• Assignment:
Your answer must be an exact copy of the records, minus any pictures.

• Data shown:
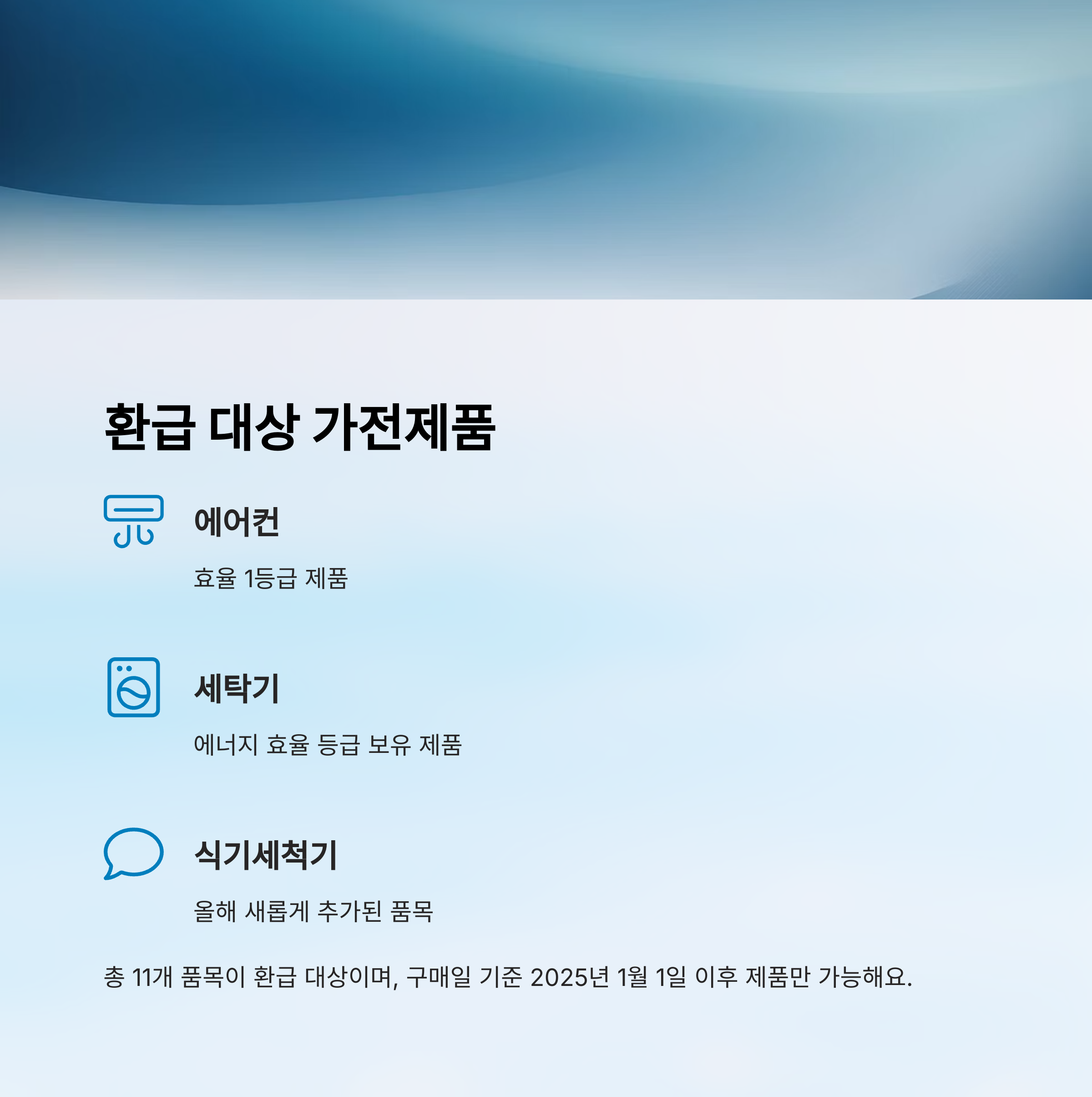 올해부터는 식기세척기도 새롭게 환급 품목에 포함됐고, 기존 10개 품목과 합쳐 총 11개 품목이 대상이 되었어요. 고효율 TV, 세탁기, 김치냉장고 등 흔히 쓰는 제품이 대부분 포함되어 있어요.
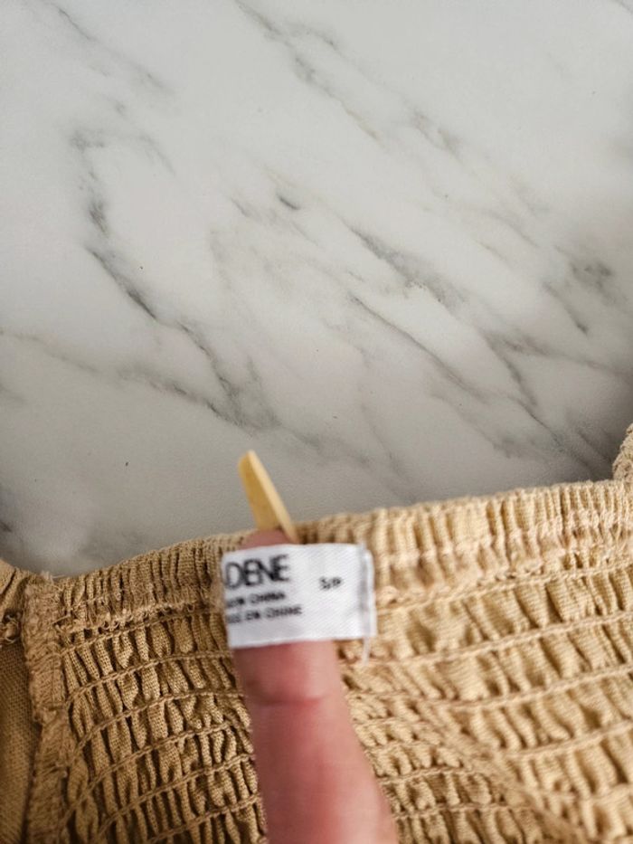 De couleur beige légèrement moutarde. Elle est neuve. S mais taille petite. Extensible dans le dos
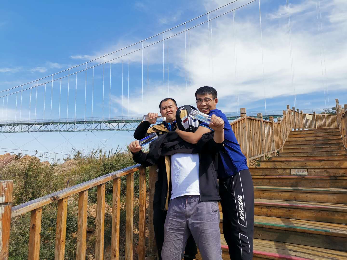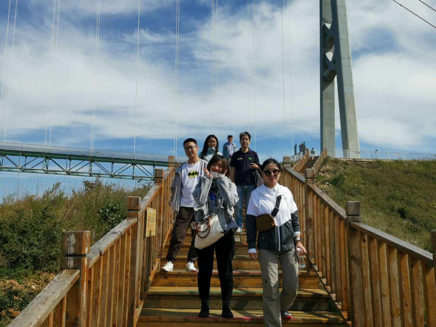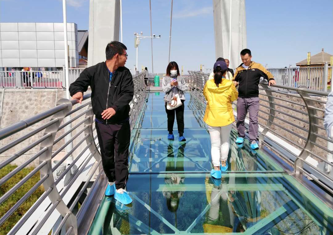 14日下午游覽車載著一行人行駛在山間的小路上,清風(fēng)徐徐,好不愜意,接著迎來了全長(zhǎng)639米的玻璃棧道挑戰(zhàn),驚心動(dòng)魄,姿態(tài)百出。
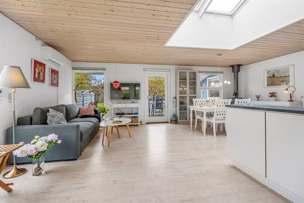 Sommerhus med spabad og lys indretning med åbent køkken. I køkkenet er der mulighed for at lave mad ...
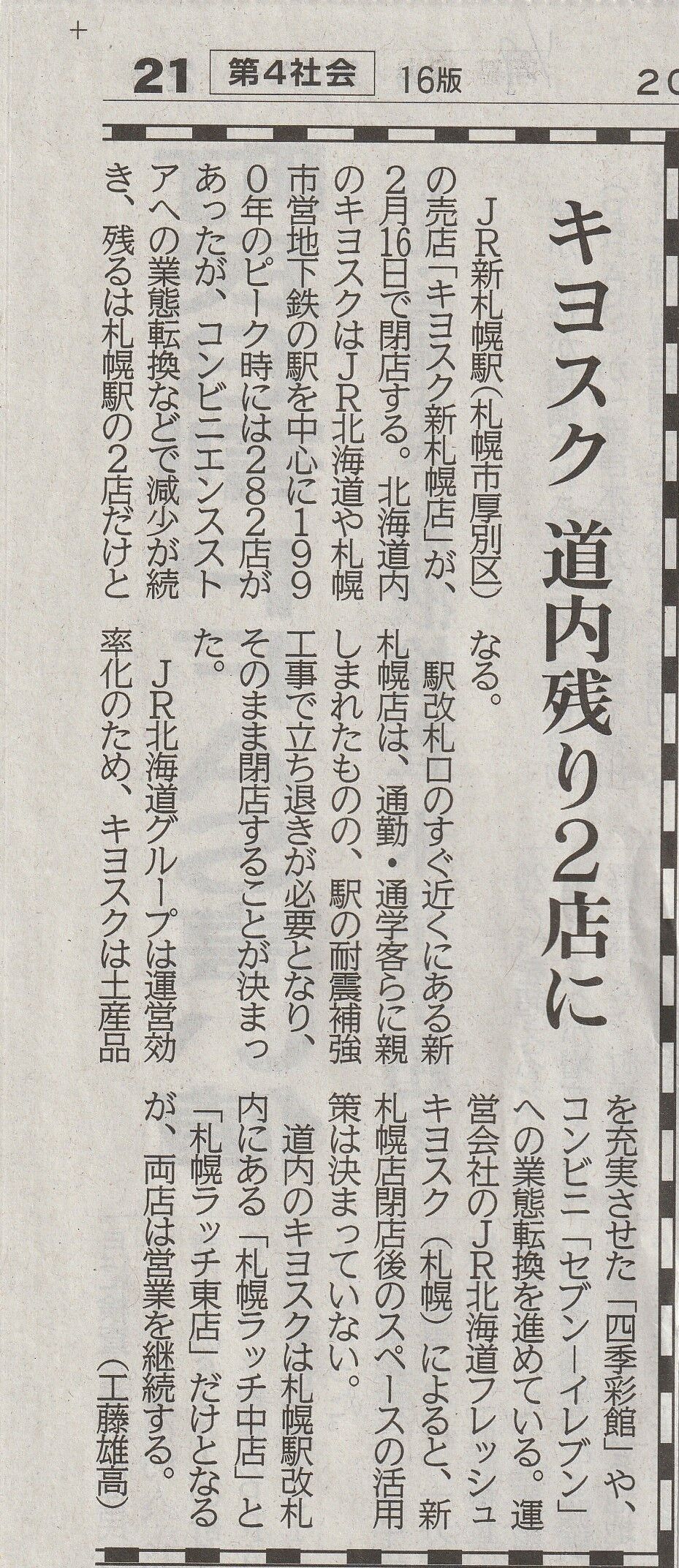 ラーメンといえば、先月24日の北海道新聞に載ったこの記事。
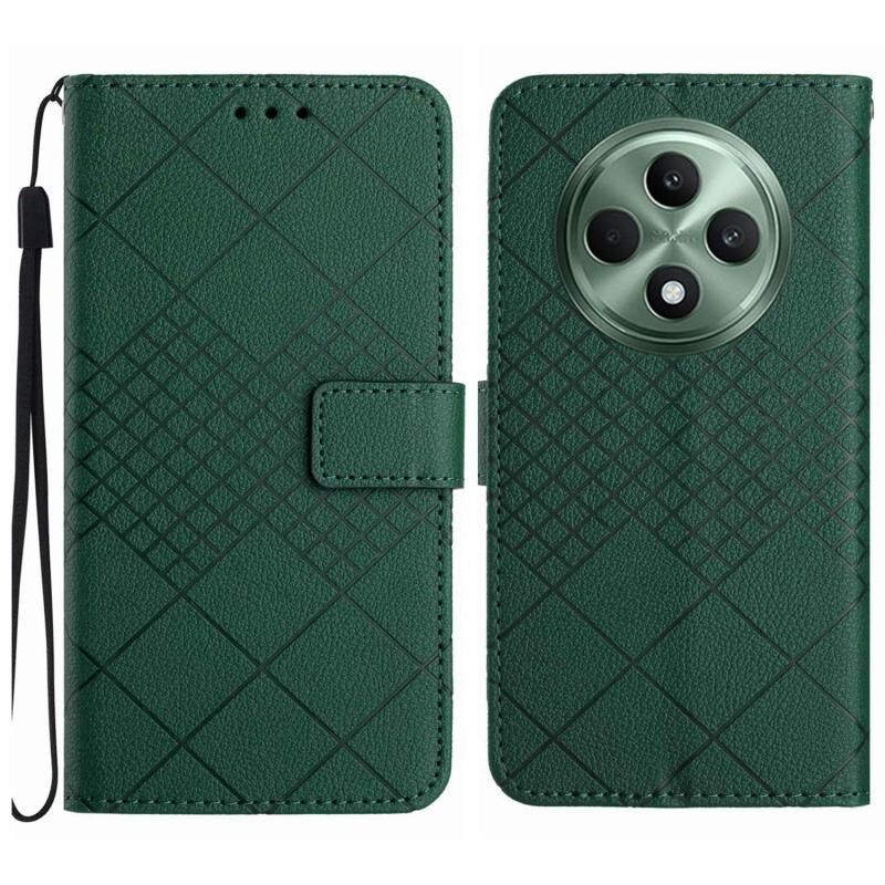 Για OPPO Reno12 F 5G Global Rhombic Grid Υφή δερμάτινη θήκη τηλεφώνου (πράσινο)

• Solution to this task:
 올해부터는 식기세척기도 새롭게 환급 품목에 포함됐고, 기존 10개 품목과 합쳐 총 11개 품목이 대상이 되었어요. 고효율 TV, 세탁기, 김치냉장고 등 흔히 쓰는 제품이 대부분 포함되어 있어요.
 De couleur beige légèrement moutarde. Elle est neuve. S mais taille petite. Extensible dans le dos
 14日下午游覽車載著一行人行駛在山間的小路上,清風(fēng)徐徐,好不愜意,接著迎來了全長(zhǎng)639米的玻璃棧道挑戰(zhàn),驚心動(dòng)魄,姿態(tài)百出。
 Sommerhus med spabad og lys indretning med åbent køkken. I køkkenet er der mulighed for at lave mad ...
 ラーメンといえば、先月24日の北海道新聞に載ったこの記事。
 Για OPPO Reno12 F 5G Global Rhombic Grid Υφή δερμάτινη θήκη τηλεφώνου (πράσινο)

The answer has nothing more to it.